Four unresolved issues in privacy
Recently a friend and colleague asked me about key areas of conflict in the field of privacy. After a bit of brainstorming, I came up with four such issues.
Information privacy versus information disclosure.
Not so much a conflict but a trade-off which can lead to tension. Information privacy is a condition of keeping personal information private. Information privacy balances information disclosure, the act of sharing personal information as part of communication. Information disclosure necessarily determines trust. This is particularly relevant for trust building in online commerce with its potential for information imbalances leading to a market of lemons. What’s interesting about social media and many mobile apps is that disclosures made to build trust with your friends is being used by those platforms to market to you or make money off your information. Granted, they own the platform and make it clear up front (usually) that is the case. Yet, it often creates tension between the desire to disclose and trust and the desire to keep information private.
Who owns personal information? The observer or the individual.
European law favors the individual. U.S. law favors the observer. The essential point comes down to this: if an observer sees something an individual does, can the observer use that observation in commercial endeavors? With modern technology, if a computer system observes something about you (i.e. your picture, your actions online, your location, your demographic data) does the owner of the computing system need to seek permission to use that observation? This is particularly relevant with social media and the ability to combine data from multiple sources to build a fuller profile of an individual. Another way to think about this is by asking if you see something walking down the street, can you use information about their behavior or characteristics for commercial purposes? Now suppose you take a picture of them walking down? Can you use that information for commerce purposes? What if you take a picture of 20 people? What then? At what point is using the personal information for commercial purposes considered inappropriate? In other words, who owns the personal information of an individual?
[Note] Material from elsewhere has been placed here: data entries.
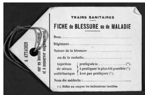
Above; Tag attached to triaged soldier indicating the nature of his wound or illness and whether or not he had been given a tetanus shot.
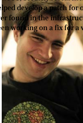
Security researcher Dan Kaminsky wearing a shirt that reads "I (heart) color." It's illegible to the red-green colorblind.

In 2008, security researcher Dan Kaminsky discovered and helped develop a patch for one of the most fundamental flaws ever found in the infrastructure of the Internet. Lately he's been working on a fix for a very different infrastructure
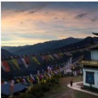
Yortung, Arunachal Pradesh

Here's the first part of this on-going series.
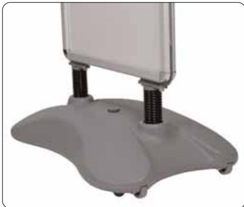
Integral wheels make Whirlwind easy to move

Right to privacy versus privacy subsumed under other rights (e.g. property and liberty)
In 1890, Warren and Brandeis wrote an Harvard Law Review article arguing for a right to privacy that should be protected by the U.S. government. They argue that privacy is a new class of rights that cannot be properly protected by existing law. Partially because the point about ownership of data (above) has never been fully resolved. Since then, various lawyers have argued both for and against a distinct right to privacy. This is a little harder to apply to current events but does suggest long-term implications for privacy as the approach to one or the other principle gets refined over time. I talk about this a little in my paper on organizations requesting social media passwords from job candidates. That case was interesting because there are four groups of people to consider and the rights of each – the hiring organization, the job candidate, the social media platform, and the friends of the job candidate.
Personal information security versus Public physical security
The San Bernardino Apple vs. FBI case highlights the complexity of this issue. The FBI argues that for them to perform their jobs of securing the public, they must be able to gain access to restricted areas in times of a criminal investigation. They have always been able to get warrants to enter locked buildings before. They should get access to locked phones as well. Apple on the other hand argued that information security is a different beast than physical security, that introducing a hole or backdoor into information systems destroys the notion of information security. To add to the complexity, I argue that forcing someone to write the code is the same as forced speech, a notion that’s opposite of our constitutional protections.
Implications for Privacy
Addressing these four issues has important implications for business and society. I don’t claim to have all the answers, but I believe finding the answers is necessary for better understanding and protecting privacy. I’m tempted to write a research article articulating each of these in more detail and exploring what implications for each of them might mean for our future.